Woody relocates to London while Malick discovers America




Woody Allen has spent huge chunks of his career borrowing from such masters as Ingmar Bergman and Federico Fellini, but as I watched his latest picture, Match Point, the director that repeatedly came to mind was George Romero.

Like a zombie from Romero's Night of the Living Dead, Allen keeps rising from the dead, and no bullet to the brain -- or, more accurately, dismal reception to one of his lesser pictures -- has been potent enough to bring him down permanently. Since the end of the 1980s, every time critics were ready to write off Allen as a has-been, he would rebound with something on the order of Crimes and Misdemeanors or Bullets Over Broadway. But for the past decade, his output has been so inconsistent -- and his resume littered with so many out-and-out duds (Celebrity, Hollywood Ending) -- that scribes were positive his imagination had finally run its course.

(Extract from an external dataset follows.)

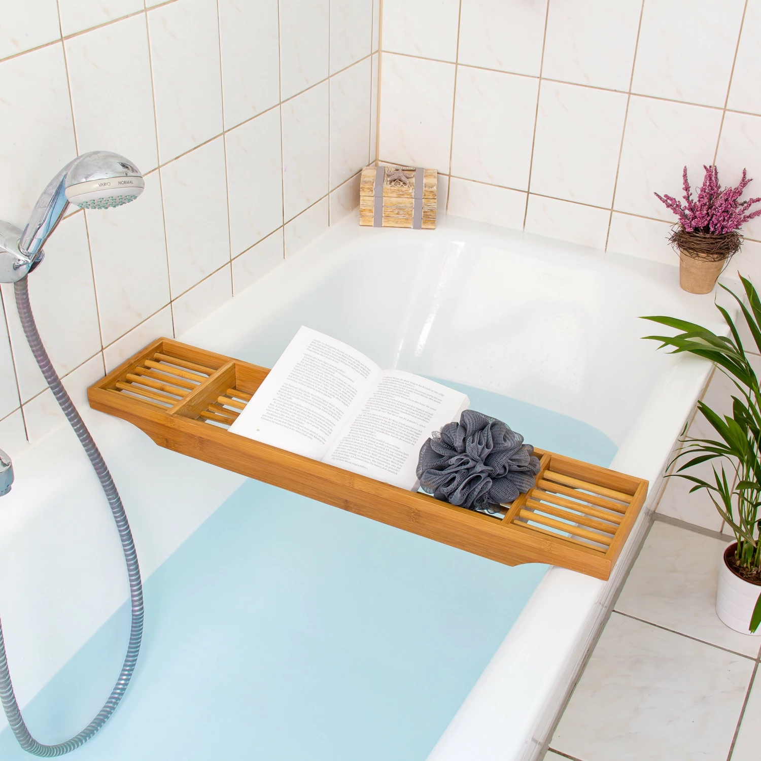 Genießen Sie ein Mehr an Komfort mit diesem praktischen und schön gestalteten Badewannenaufsatz aus Bambus. Er verfügt über 3 Fächer, die mit vielen nützlichen Badeutensilien wie Cremes, Seife oder Öl gefüllt werden können. Und auch wasserunverträgliche Dinge wie Süßigkeiten, Bücher oder das Mobiltelefon sind nun immer griffbereit, wenn Sie beim Baden entspannen.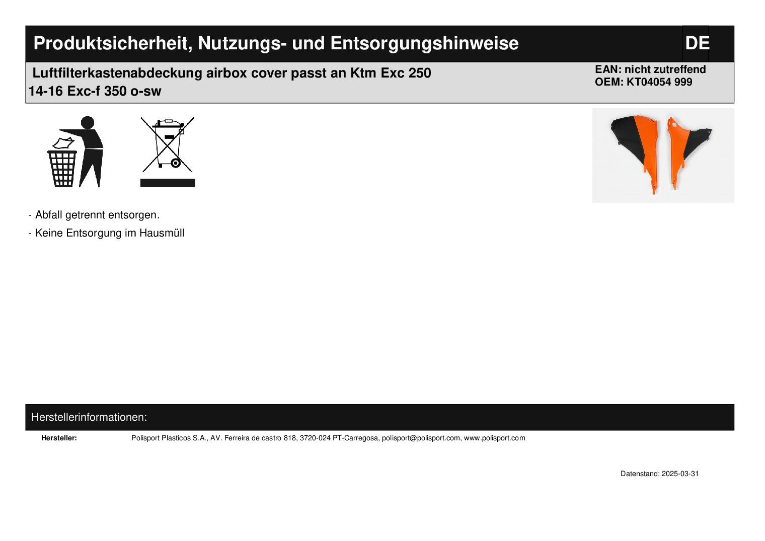 In dieser Auktion gibt es folgenden Artikel zu kaufen: Luftfilterkastenabdeckung (siehe Foto) Fahrzeug: passend für Ktm EXC 125 Bj.: 14 - 16 EXC 200 Bj.: 14 - 16 EXC 250 Bj.: 14 - 16 EXC 300 Bj.: 14 - 16 EXC 450 Bj.: 14 - 16 EXC 500 Bj.: 14 - 16 EXC-F 250 Bj.: 14 - 16 EXC-F 350 Bj.: 14 - 16 Lieferumfang: siehe Foto Artikelzustand: neu aus Geschäftsauflösung, mit minimalen Lagerspuren; Zustand siehe Foto Es handelt sich hierbei um kein Originalteil! Bei Unklarheiten oder Fragen bitte erst E-Mail schreiben.

Perhaps that's why the critical reception to Match Point has been so pronounced. The picture represents Allen's best work since 1996's overlooked Everyone Says I Love You, but it hardly belongs in the pantheon reserved for the likes of Annie Hall, Hannah and Her Sisters and The Purple Rose of Cairo. Yet the hosannas are understandable: It's nice to have Allen back again, even if it turns out to be only for a short visit.

In most regards, Match Point is miles removed from the typical Woody Allen film -- both literally and figuratively. Forsaking his beloved New York City, Allen has made a film that's set -- and shot -- in England. Also gone is another mainstay: the nebbish protagonist, generally played by Allen himself but on occasion portrayed by a younger actor like John Cusack or Jason Biggs.

Clearly, the leading character here is no nervous, self-effacing nerd. Chris Wilton (Jonathan Rhys Meyers) is handsome, charismatic and secure enough to know what he wants out of life. A tennis pro employed at a posh London club, he makes the acquaintance of dashing rich kid Tom Hewett (Matthew Goode), who then proceeds to introduce Chris to his sister Chloe (Emily Mortimer). Chris likes Chloe but he apparently likes her family's wealth even more. So it's only a matter of time before the pair are engaged and Chloe's father (Brian Cox) is offering Chris a job at one of his firms.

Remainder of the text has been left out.